As I write this, the World Book Fair, New Delhi, 2019 winds up, having hosted many book launches by new writers, panels of talented writers, and reading sessions. The “Author’s Corners” were agog with activity all through and the ambience was one of cheer, with buyers crowding the stalls and walking loaded with their precious bundles. The flow of people, the eagerness of children and young buyers, and the atmosphere charged with enthusiasm was so striking that I was sure that there is much to celebrate the book culture, despite the electronic media and other modes like Kindle snatching away the readers. Book lovers are still aplenty; as I heard a young Creative Director quip, “There is nothing like the feel and touch of a book and the heady smell of paper. I would not barter it for any reading gadget.” Yes, the magic and music of the written word will never die.
So, with a toast to the printed word, I start this editorial with redoubled zeal!
In placing the second issue of Penmanship Personified in the readers’ hands we, the members of the editorial team, are both excited and nervous. Excited, because Penmanship Personified has taken its second “baby step” with confidence; nervous because the test of every literary effort lies in its reception from the readers and their continued support. The response to the first issue was encouraging. A write-up from Shri S.N. Joshi’s pen (which matters a lot) has been reproduced in this issue with due permission from the author, for the benefit of the readers.
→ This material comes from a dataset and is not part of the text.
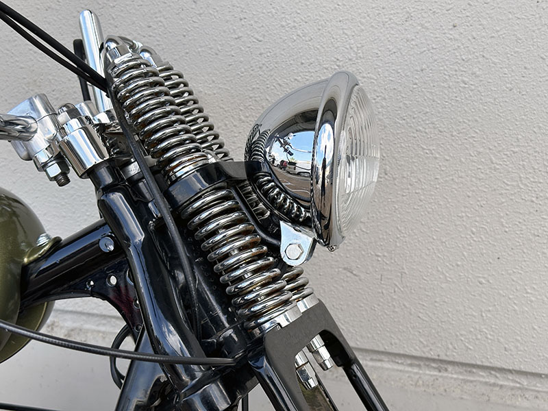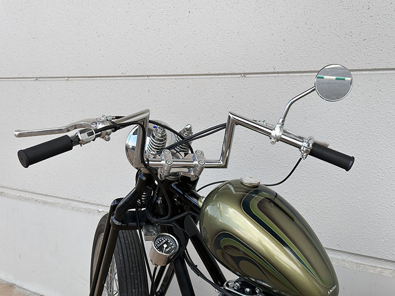 5.75インチのベーツライトにワンオフ制作したライザーベース、SR用を加工流用したハンドルポストに当社製STDロボットハンドルをセットしました。

Literature is a tradition by itself which needs innovation, originality, independent thinking, and the courage to voice one’s thoughts. Those who are afraid of social or familial censure or ridicule cannot venture into this field. The ability to create something new has always been upheld as the defining sign of genius. India has a long literary tradition; but then what is tradition? It is but an abstraction created out of a series of innovative ideas. Young writers of today are heirs to many traditions which include global besides regional and national; they need to combine them to suit their expressive requirements, and imagination.
While going through the submissions for this issue we came across many interesting pieces displaying creative thinking and writing skills. But what we discovered was a little discouraging; most of the stories portrayed negativity, crime, weird and paranormal settings and boy-meets-girl themes. Granted that life is made up of all these aspects but then these are not the only facets of life. There are good Samaritans, happy people, peeping Toms, and Quixotic characters – an assortment to choose from. If there is anger, there is acquiescence also; if there is violence and hate, there are lovely, caring people around to mitigate the suffering. Our aim is to make PP a scintillating magazine with life’s realities that are both bright and dark. So we urge our writers and readers to pick up something delightful, humorous, playful and meaningful too.
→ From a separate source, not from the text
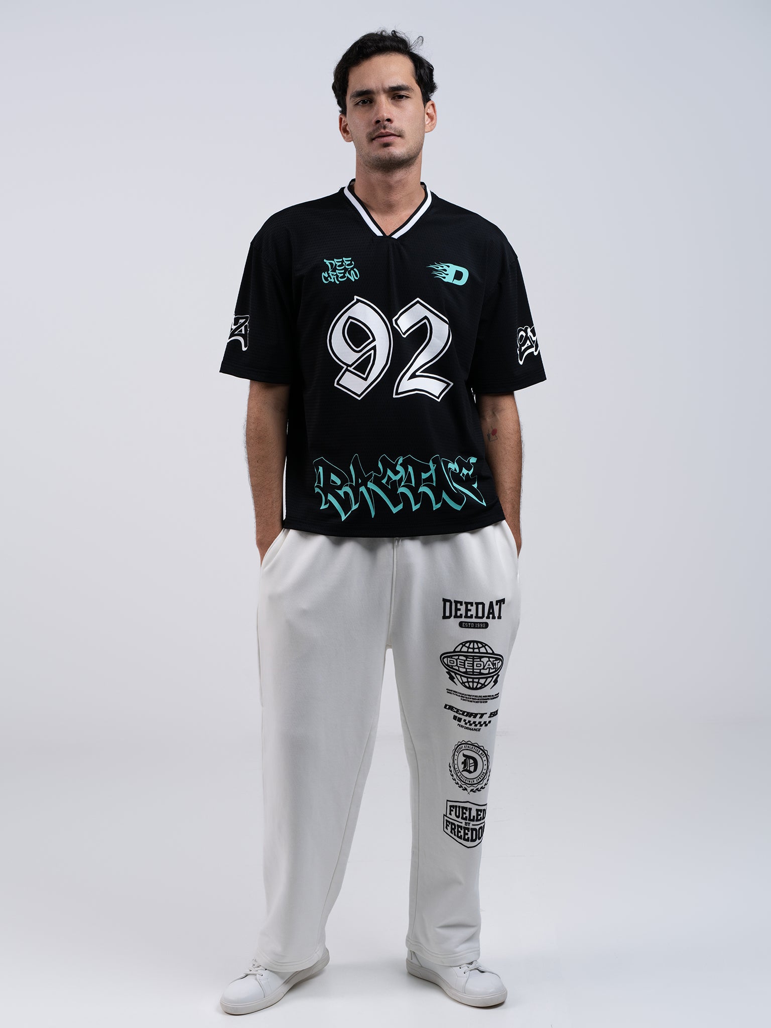 This DEEDAT Fueled By Freedom Oversized Tee Shirt in black combines comfort and style with its premium cotton fabric and oversized fit. Featuring a classic crew neck and short sleeves, it offers a relaxed silhouette with a standard hem for versatile wear. The plain texture is enhanced by a durable rubber print embellishment, making it a standout piece in the Fueled By Freedom collection. Ideal for those seeking a fashion-forward yet comfortable tee.

From this issue onwards one translated story from a different region/language would be included in every issue. This issue contains a Marathi story “Butterfly”. It is woven around a common, everyday experience but the writer’s art has turned it into a moving story with solid sensibility; she has opened a vast world of social disparity, the power of love, the psychology of a deprived child, and much more. Such stories will give our writers an opportunity to peep into various aspects of the society/social psyche.
We have started Poetry section on popular demand and we earnestly hope our readers enjoy it.
PP is pleased to publish Vibhuti Gupta Agarwal’s review of Mind, Life, and Reflections by Payal Jain, a book launched at the Book Fair on 5 January, 2019 with great fanfare.
We are up and about to make our magazine sought after for its variety and lively presentations. PP will stand by its commitment to a more balanced and equitable literary discourse. So, watch out for more announcements in future issues.
Finally, from the entire team of PP we wish you a Happy New Year 2019 and a happy reading experience.
Dr. Usha Bande, till recently Fellow, Indian Institute of Advanced Study, Shimla and also Visiting Professor at Vishwa Bharati University, Shanti Niketan (WB), was on the faculty of English Literature in Govt. College for Women, Shimla. She retired as the Principal Govt. College,Arki, HP. A regular contributor to The Tribune, Alive, Women's Era, Times of India, Indian Express, and many other newspapers and magazines, she has numerous research papers and more than a dozen books to her credit.